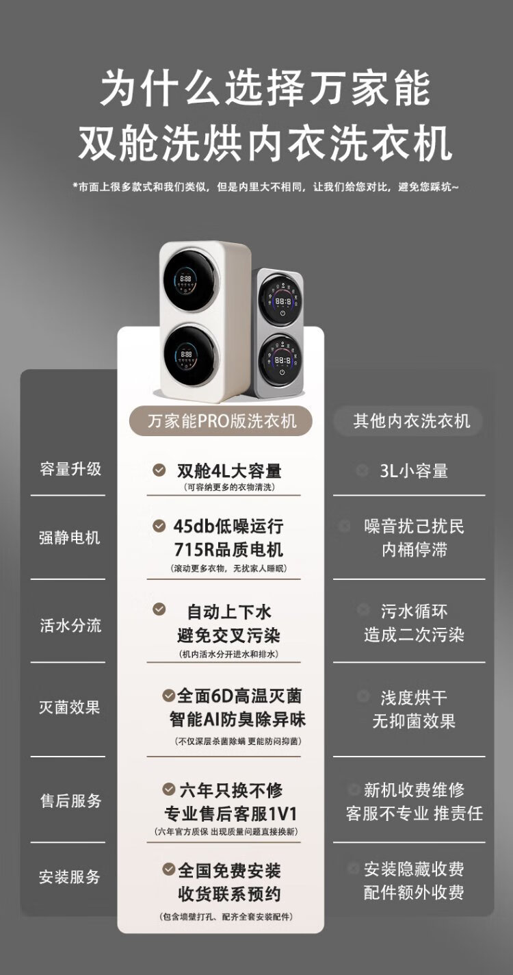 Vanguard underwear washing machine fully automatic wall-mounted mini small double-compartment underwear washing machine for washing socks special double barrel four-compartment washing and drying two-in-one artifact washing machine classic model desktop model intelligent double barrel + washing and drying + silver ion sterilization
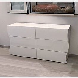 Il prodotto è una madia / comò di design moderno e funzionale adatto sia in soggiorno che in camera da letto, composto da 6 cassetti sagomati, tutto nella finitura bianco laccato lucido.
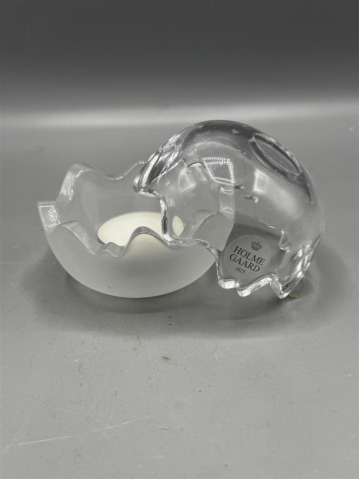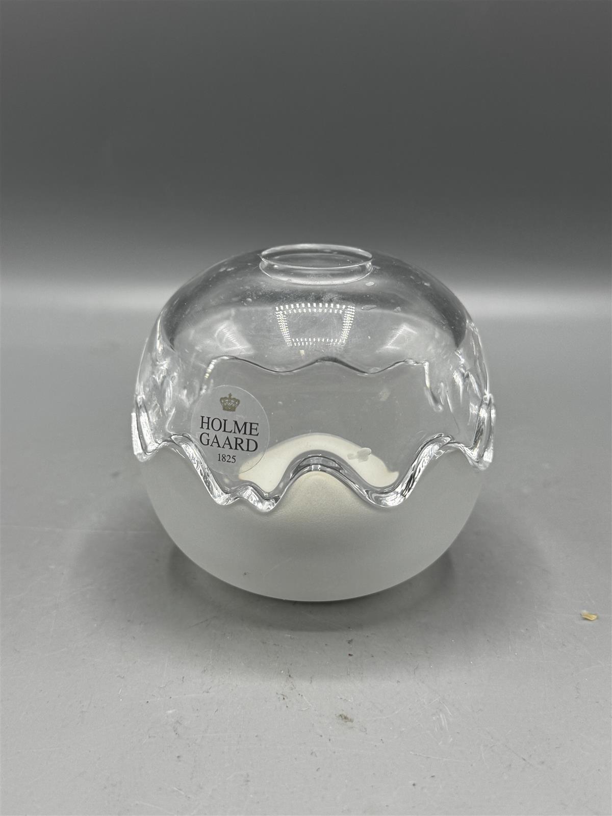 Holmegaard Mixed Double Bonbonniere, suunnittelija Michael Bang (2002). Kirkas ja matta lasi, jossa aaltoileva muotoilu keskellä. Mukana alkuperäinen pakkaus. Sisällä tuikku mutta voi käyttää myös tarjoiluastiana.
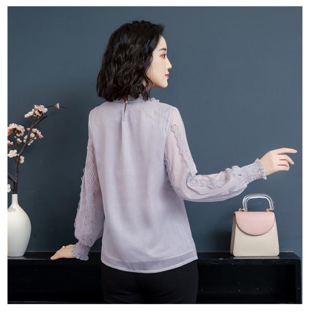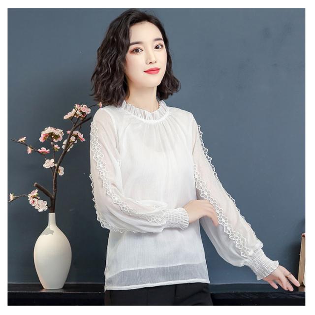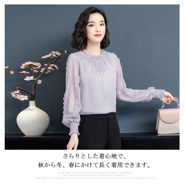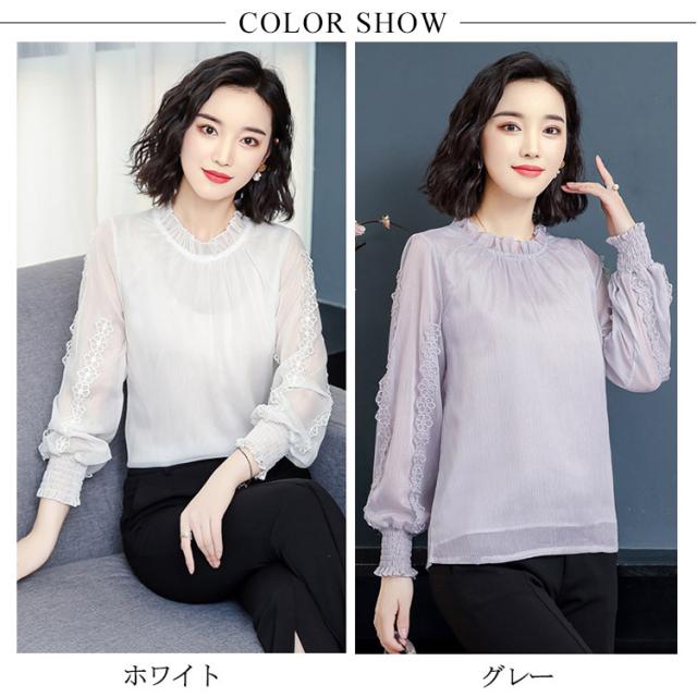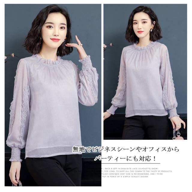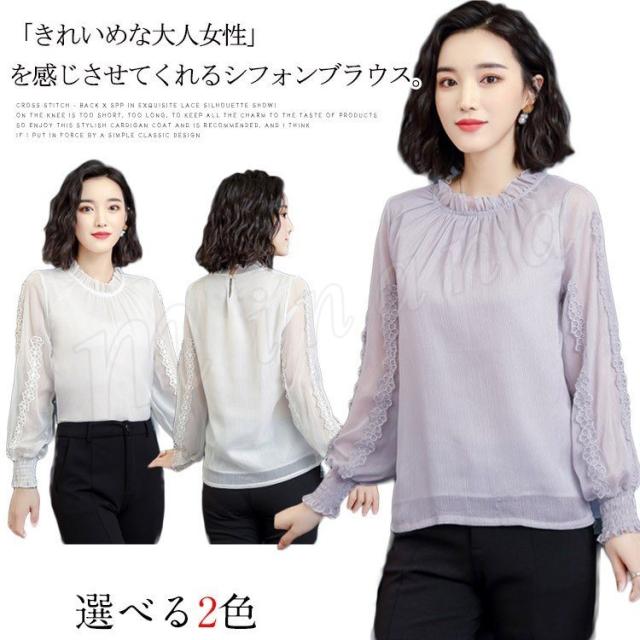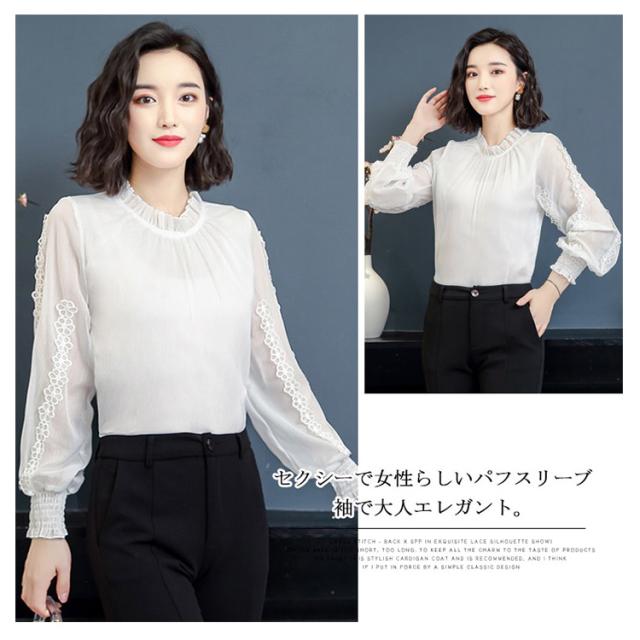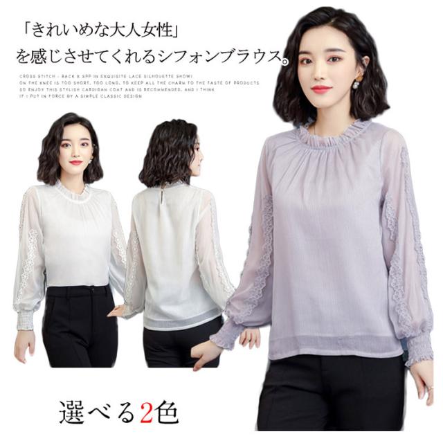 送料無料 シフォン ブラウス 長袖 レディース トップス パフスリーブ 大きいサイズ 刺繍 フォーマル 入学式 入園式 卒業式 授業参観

★ ★ ★ ★ ★ ★ ★

> TRY IT: Return only the lines from the one that contains "Holmegaard Mixed Double" through the closing line of the data, inclusive, reproduced exactly and with every picture left out.

> COMPLETED TASK:
 Holmegaard Mixed Double Bonbonniere, suunnittelija Michael Bang (2002). Kirkas ja matta lasi, jossa aaltoileva muotoilu keskellä. Mukana alkuperäinen pakkaus. Sisällä tuikku mutta voi käyttää myös tarjoiluastiana.
 送料無料 シフォン ブラウス 長袖 レディース トップス パフスリーブ 大きいサイズ 刺繍 フォーマル 入学式 入園式 卒業式 授業参観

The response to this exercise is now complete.